A pandemia expôs as várias dimensões da “crise de cuidados” que vivemos. A provisão de cuidados sociais continua a assentar, em grande medida, nas famílias e, dentro destas, a sobrecarregar as mulheres no cuidado de crianças, idosos e pessoas dependentes.

Portugal é um dos países mais envelhecidos do mundo. No ano de 2020, 23% da sua população tinha mais de 65 anos de idade, o que torna mais urgente a adoção de políticas públicas eficazes a enfrentar o combate ao isolamento e solidão, bem como a diminuir a taxa de risco de pobreza deste grupo geracional, sendo que as mulheres se encontram entre as mais atingidas por este flagelo.

O nosso país tem, além disso, uma escassa taxa de cuidados formais: menos de 13% dos idosos têm acesso a apoio de profissionais, seja apoio domiciliário, seja apoio institucional (centros de dia e lares).
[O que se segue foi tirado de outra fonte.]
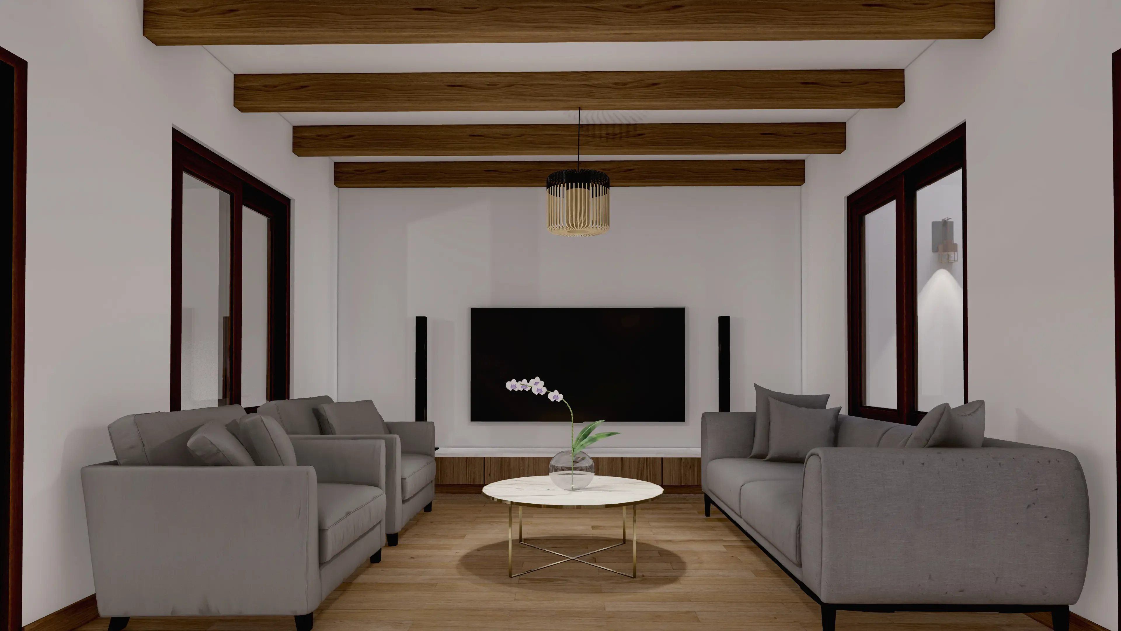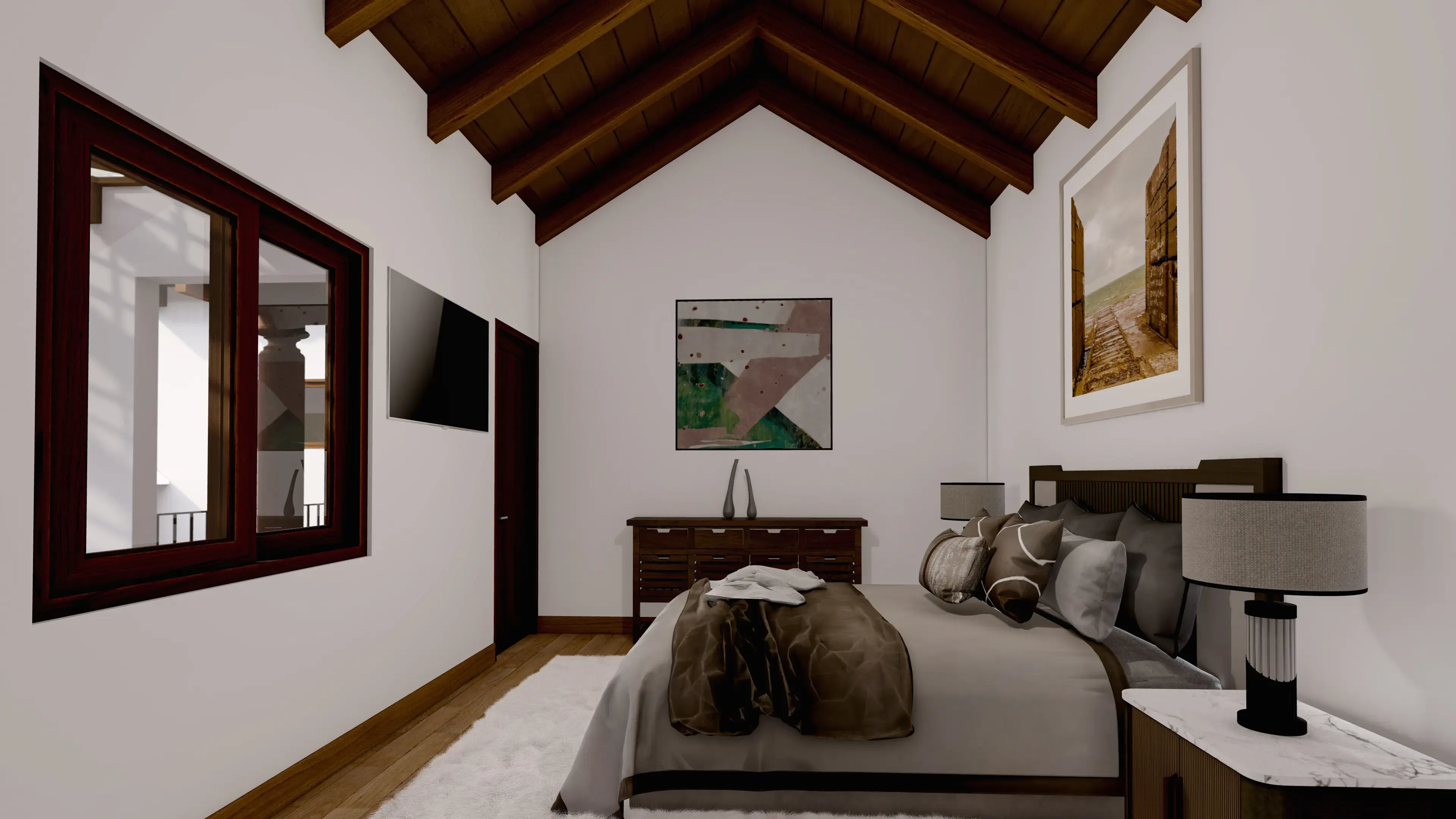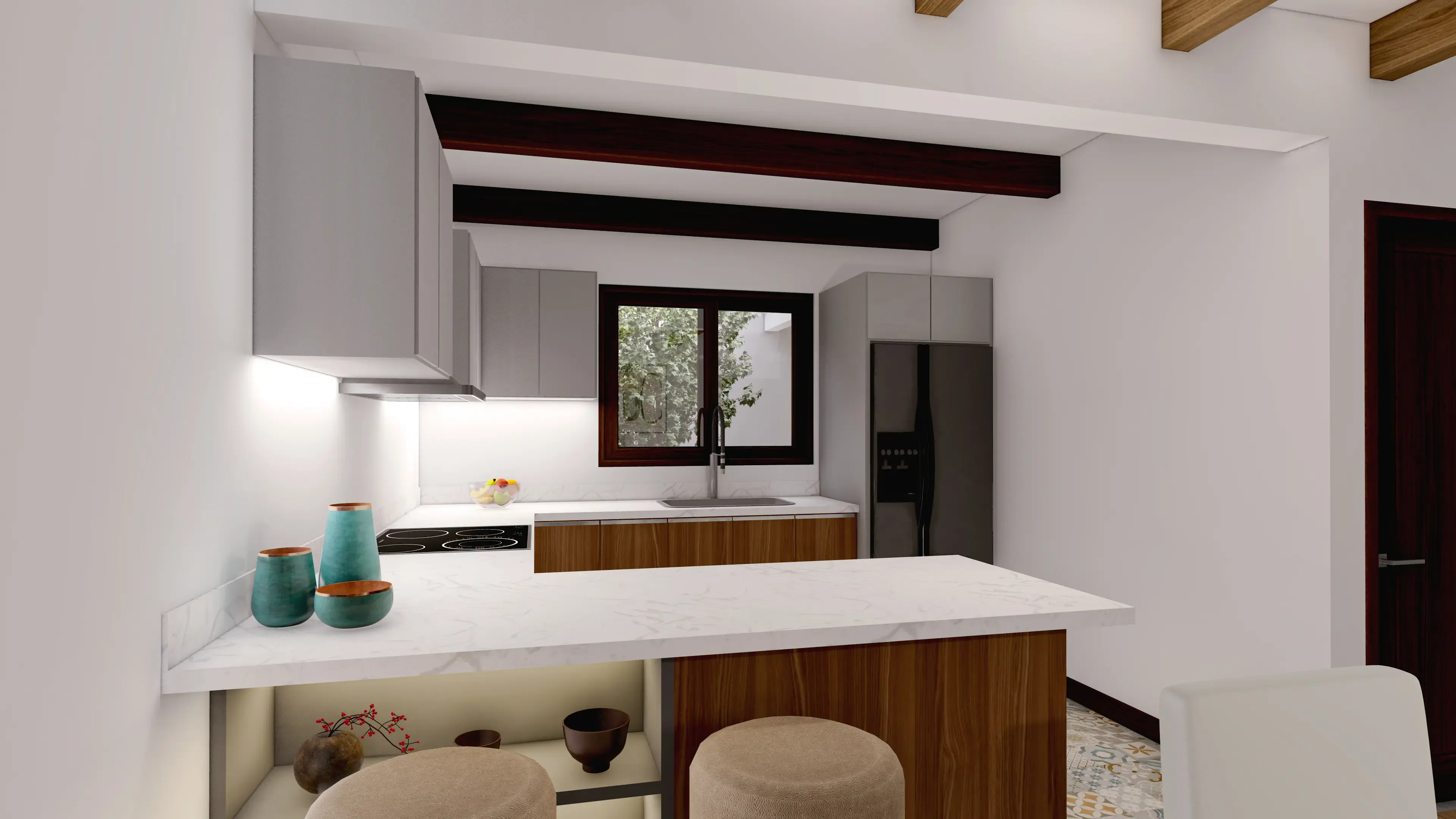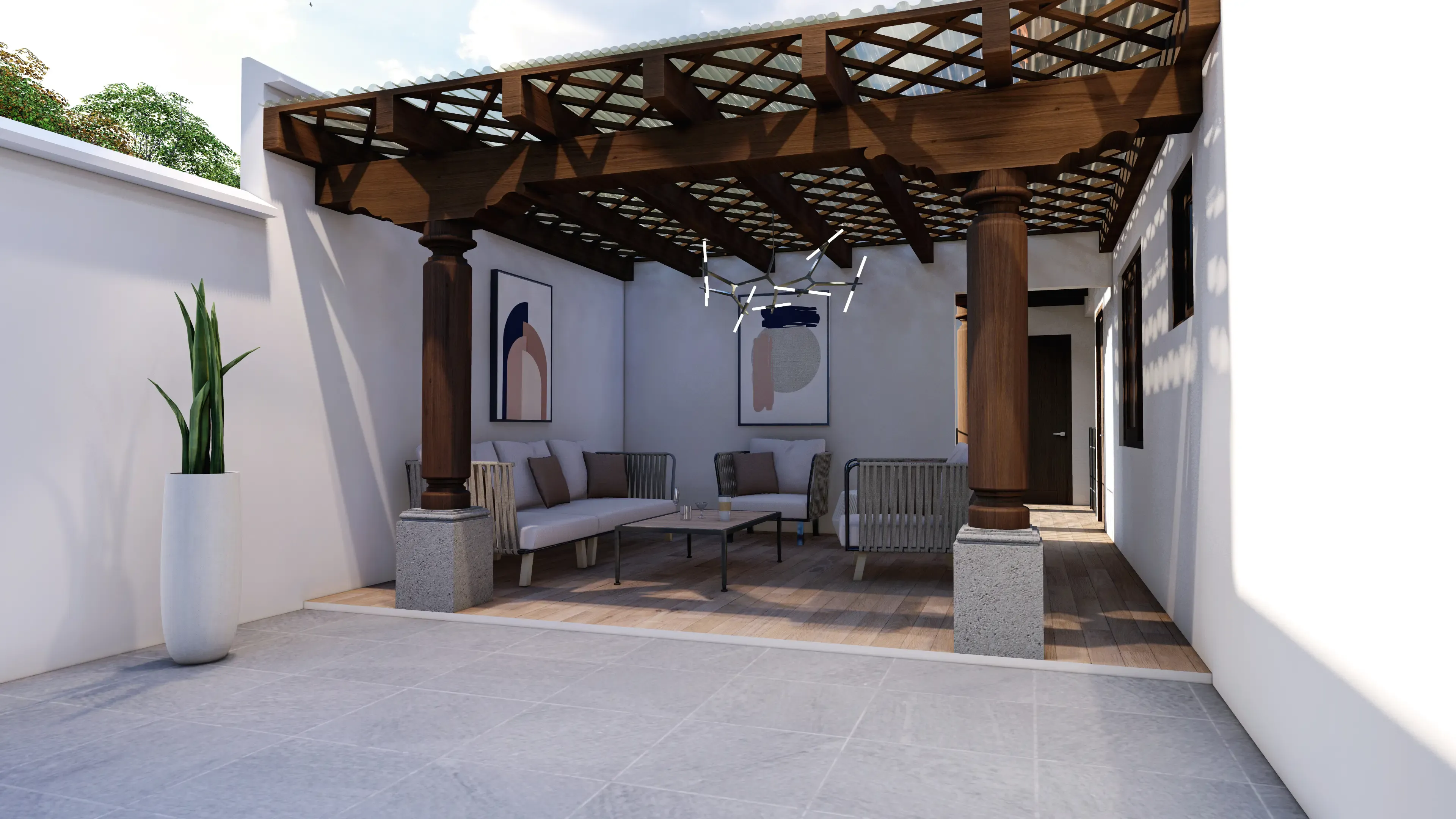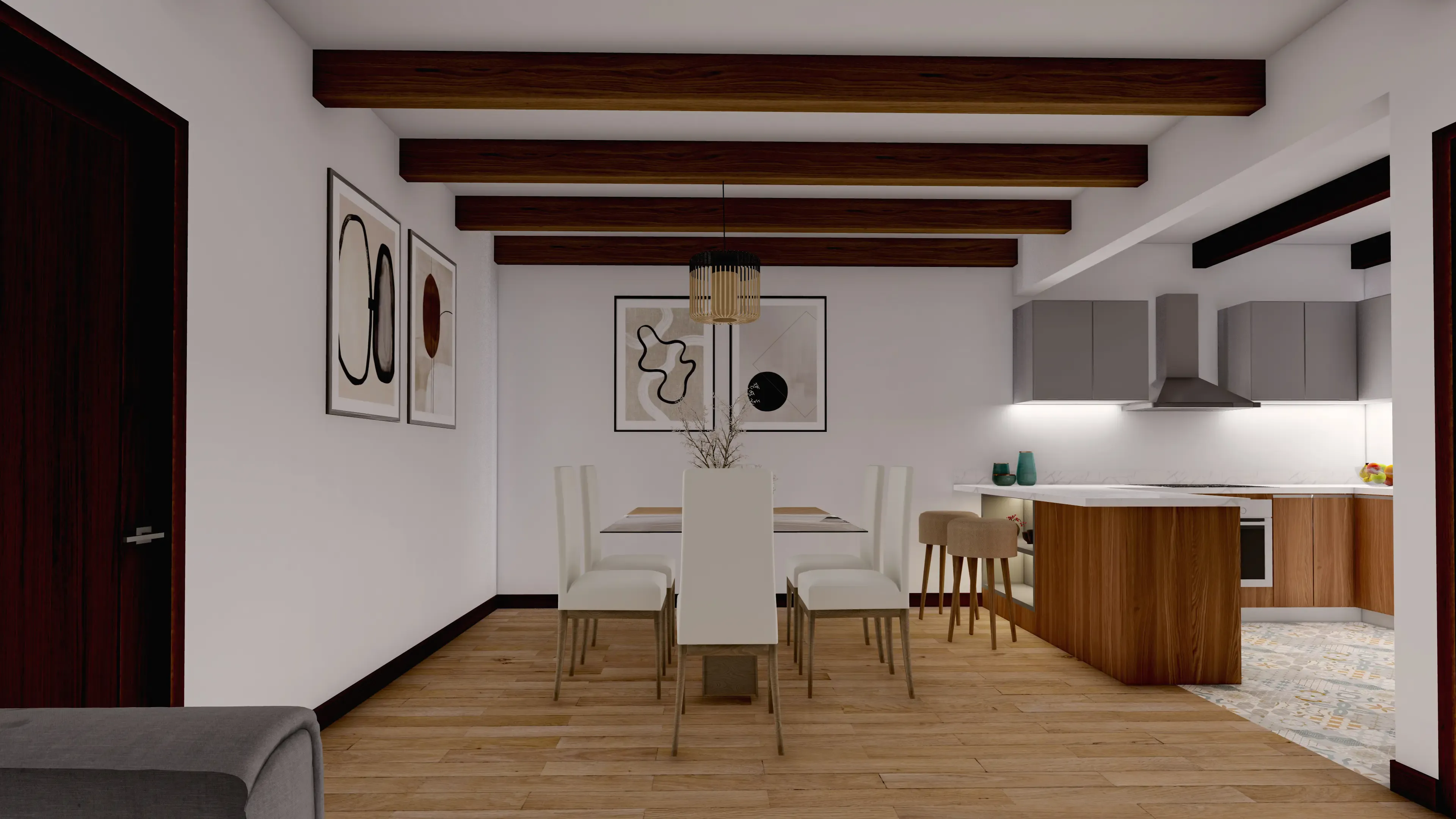 - Acabados en madera: Sobresaldrán vigas decorativas de madera en el área social y techos de madera en los dormitorios.

A rede de cuidados continuados não tem mais de 15 mil vagas, num país em que as necessidades ultrapassam muito a oferta. A despesa pública em cuidados de longa duração é irrisória: 0,4% do PIB, quando em países do norte da Europa, por exemplo, é dez vezes mais. 37% dos mais de 100 mil lugares em creche não têm comparticipação pública. Por outro lado, a escassez de cuidados formais não é sequer compensada com o reconhecimento do cuidado informal e com transferências sociais para as famílias: o estatuto do cuidador informal tem vindo a ser boicotado pelo Governo e não abrange mais do que 900 pessoas em todo o país, as prestações por dependência oscilam entre os 105 e os 190 euros mensais.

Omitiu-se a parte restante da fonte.